# [TASK DESCRIPTION]
Write the records out exactly, so that no picture remains in the copy.

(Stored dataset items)
[Start of Attachment]
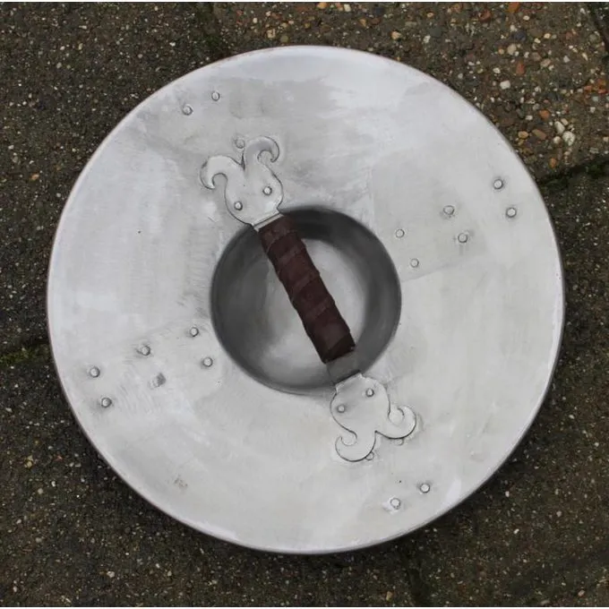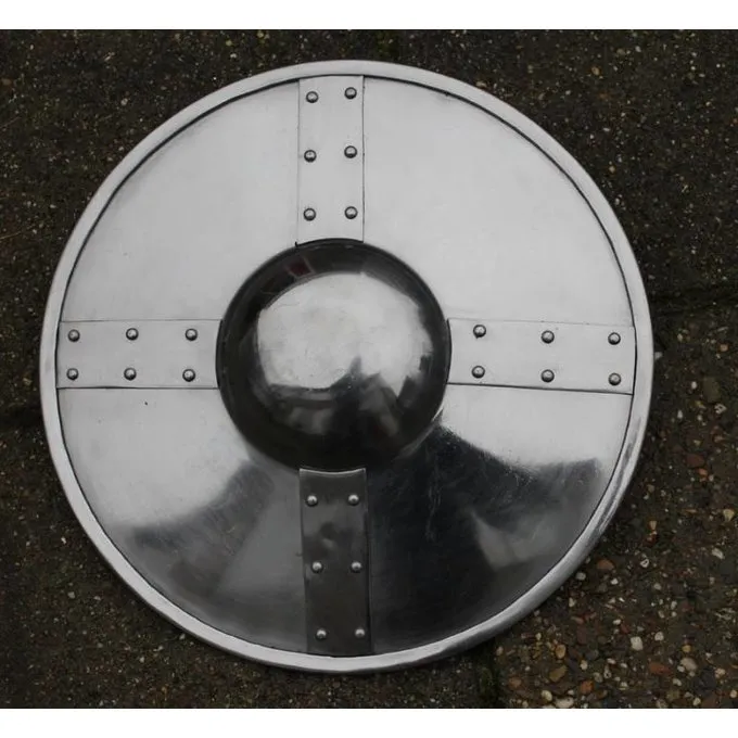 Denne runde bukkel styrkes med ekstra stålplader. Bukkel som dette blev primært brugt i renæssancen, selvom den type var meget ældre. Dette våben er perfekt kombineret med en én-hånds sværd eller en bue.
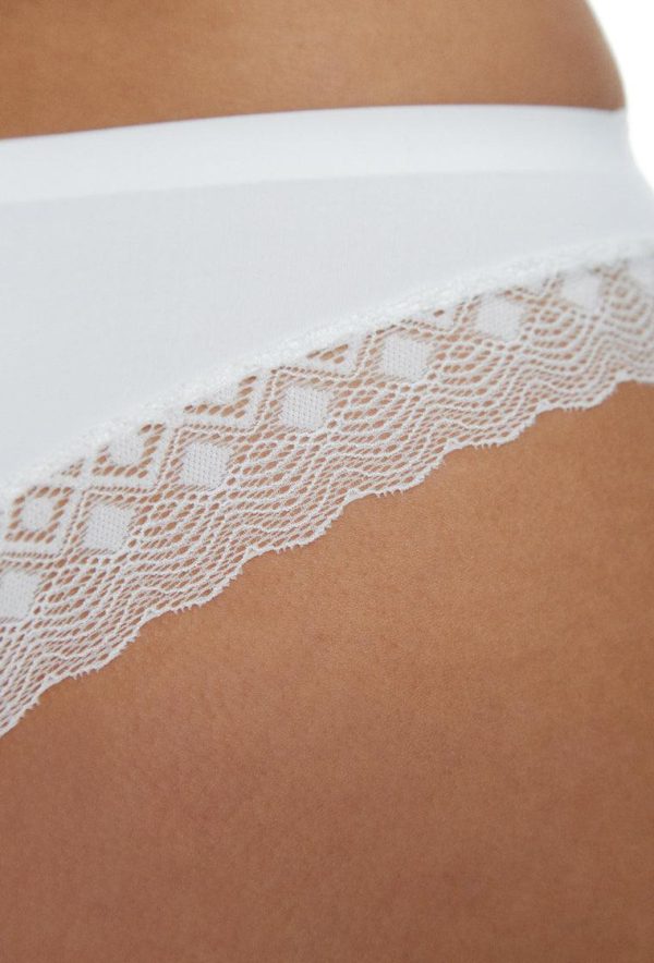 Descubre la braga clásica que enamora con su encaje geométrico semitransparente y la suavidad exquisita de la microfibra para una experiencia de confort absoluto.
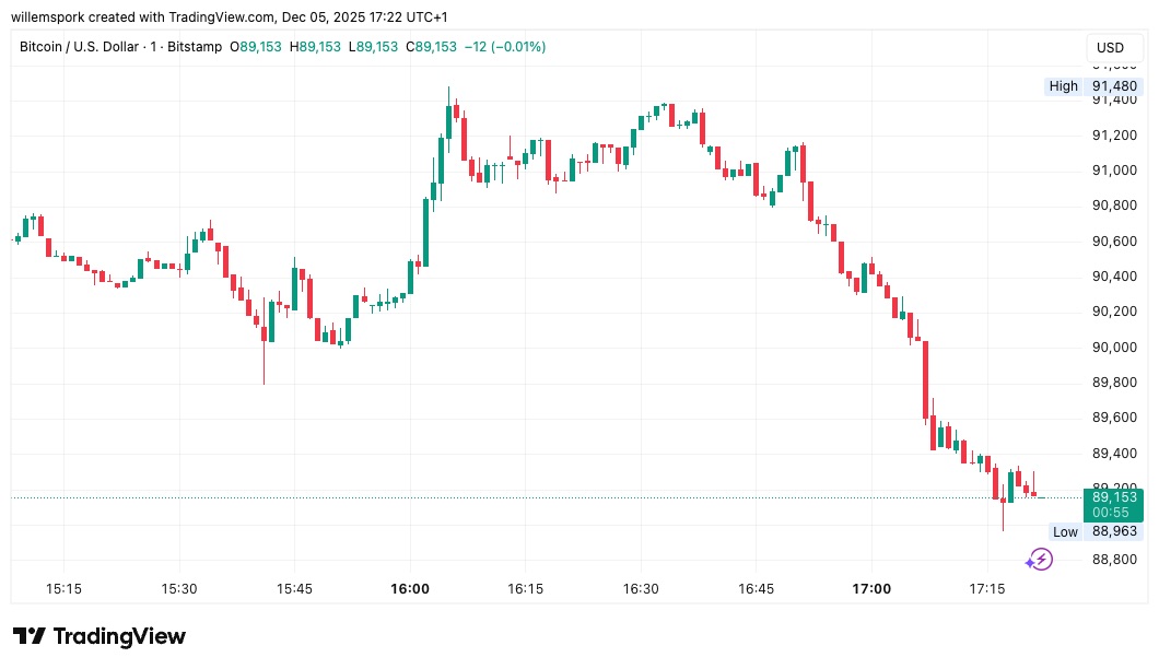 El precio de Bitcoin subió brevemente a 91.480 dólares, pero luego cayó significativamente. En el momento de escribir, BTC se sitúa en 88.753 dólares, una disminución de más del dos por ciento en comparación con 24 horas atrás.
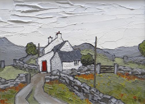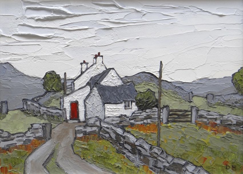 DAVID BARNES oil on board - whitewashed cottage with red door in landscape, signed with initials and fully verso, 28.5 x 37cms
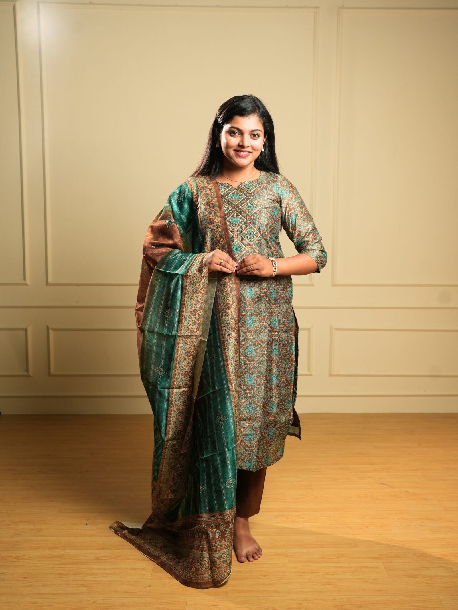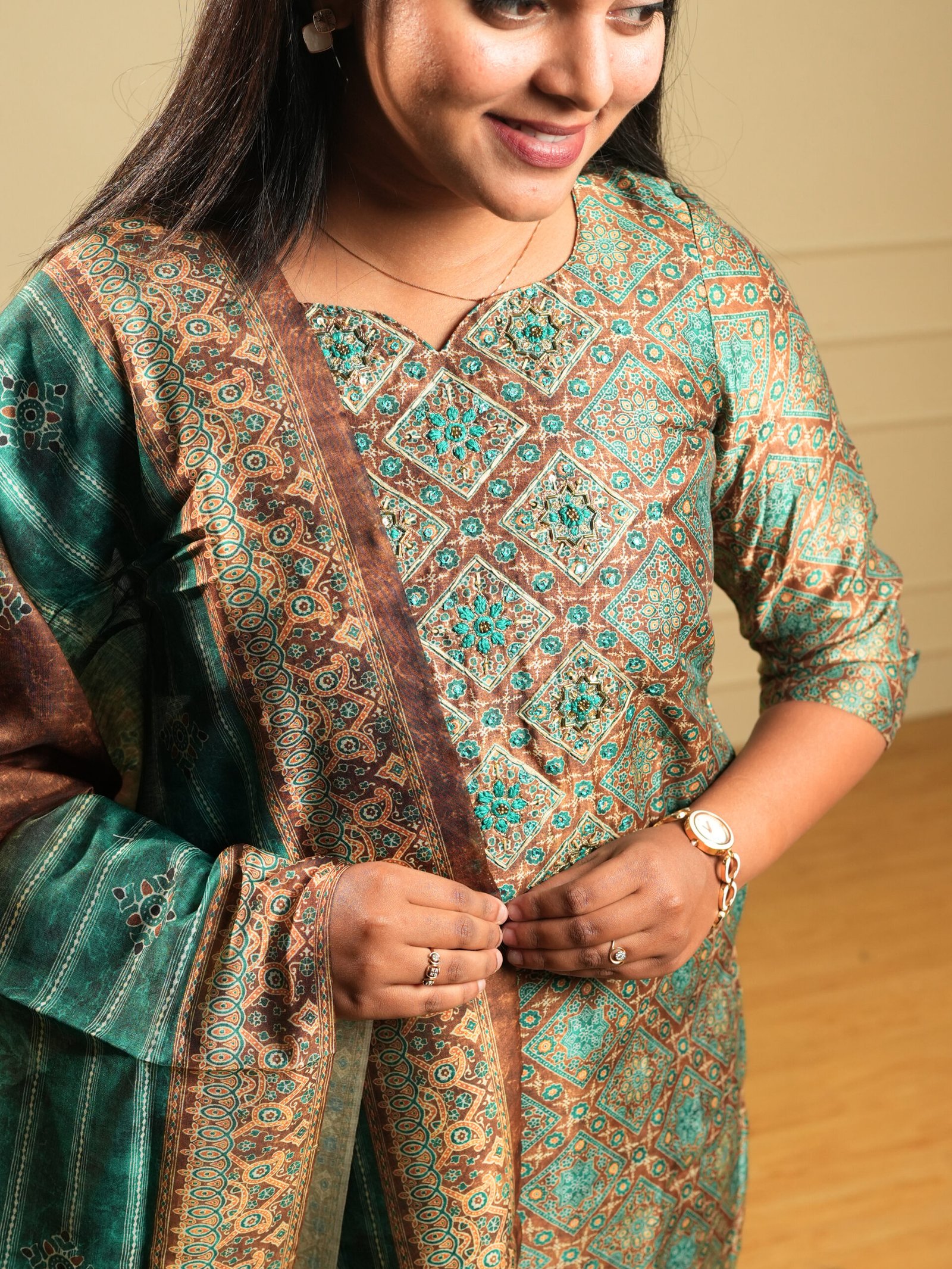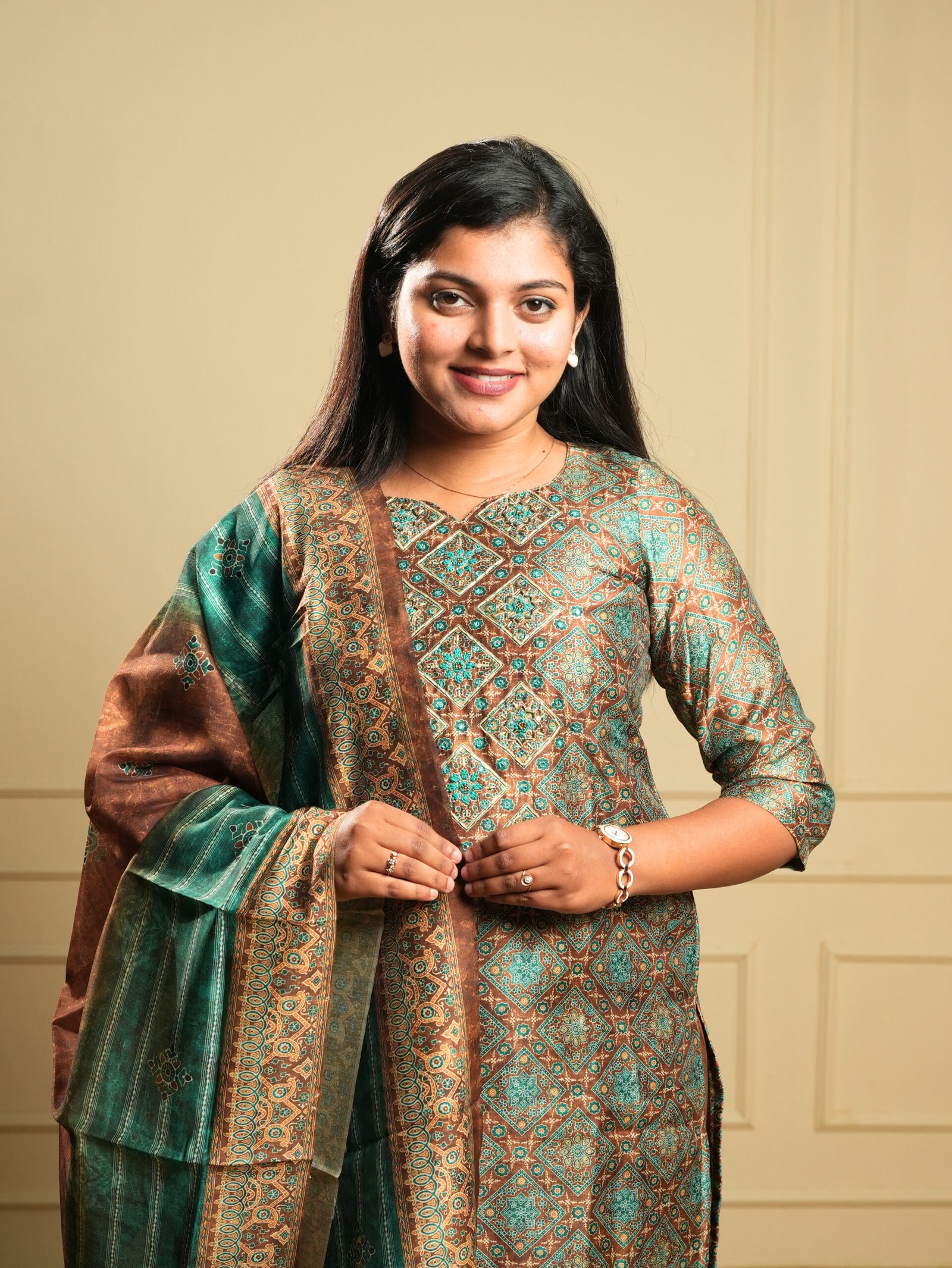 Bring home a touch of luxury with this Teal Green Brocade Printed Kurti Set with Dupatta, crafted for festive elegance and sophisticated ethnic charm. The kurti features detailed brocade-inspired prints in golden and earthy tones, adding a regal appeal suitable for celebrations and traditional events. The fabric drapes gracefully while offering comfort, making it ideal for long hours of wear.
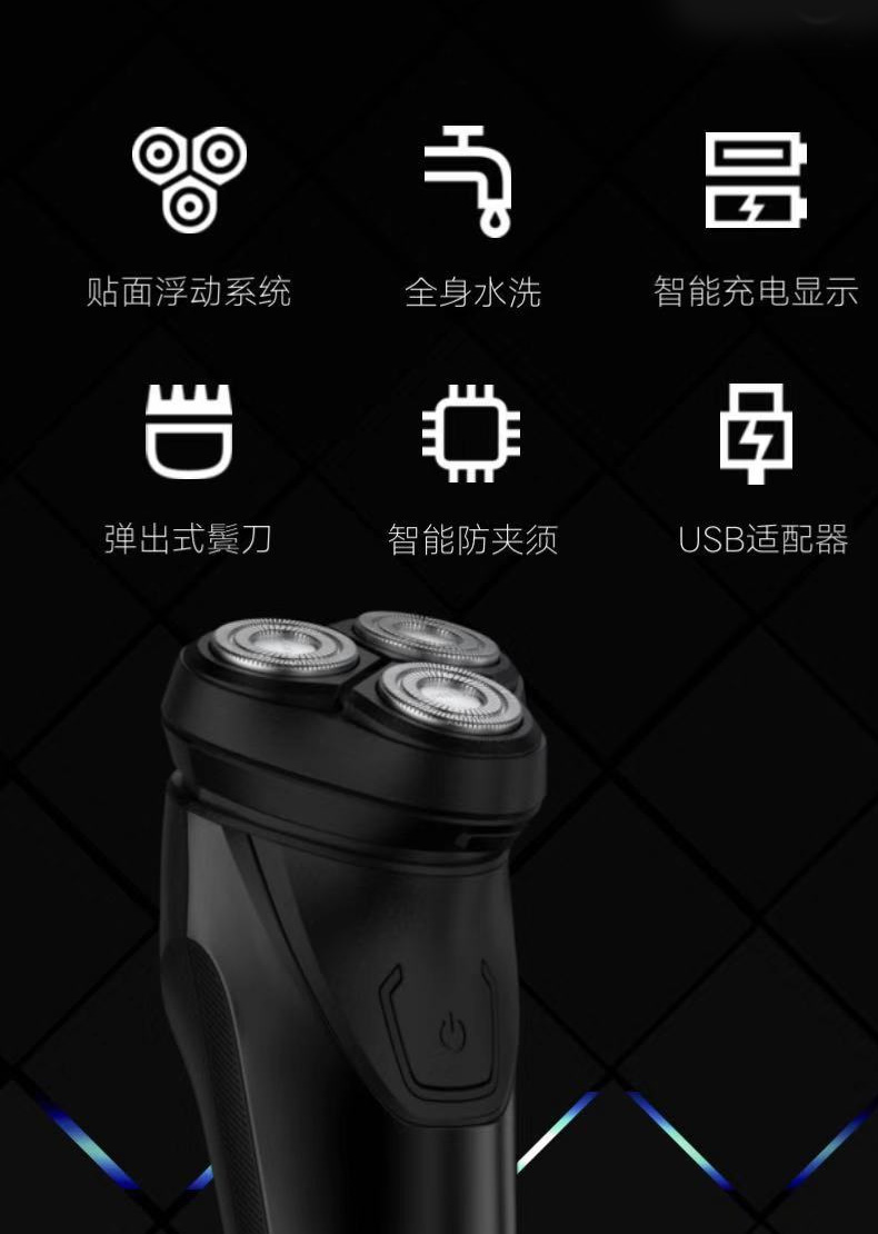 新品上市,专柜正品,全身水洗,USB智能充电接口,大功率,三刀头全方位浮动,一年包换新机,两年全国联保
[End of Attachment]
# [WRITTEN ANSWER]
 Denne runde bukkel styrkes med ekstra stålplader. Bukkel som dette blev primært brugt i renæssancen, selvom den type var meget ældre. Dette våben er perfekt kombineret med en én-hånds sværd eller en bue.
 Descubre la braga clásica que enamora con su encaje geométrico semitransparente y la suavidad exquisita de la microfibra para una experiencia de confort absoluto.
 El precio de Bitcoin subió brevemente a 91.480 dólares, pero luego cayó significativamente. En el momento de escribir, BTC se sitúa en 88.753 dólares, una disminución de más del dos por ciento en comparación con 24 horas atrás.
 DAVID BARNES oil on board - whitewashed cottage with red door in landscape, signed with initials and fully verso, 28.5 x 37cms
 Bring home a touch of luxury with this Teal Green Brocade Printed Kurti Set with Dupatta, crafted for festive elegance and sophisticated ethnic charm. The kurti features detailed brocade-inspired prints in golden and earthy tones, adding a regal appeal suitable for celebrations and traditional events. The fabric drapes gracefully while offering comfort, making it ideal for long hours of wear.
 新品上市,专柜正品,全身水洗,USB智能充电接口,大功率,三刀头全方位浮动,一年包换新机,两年全国联保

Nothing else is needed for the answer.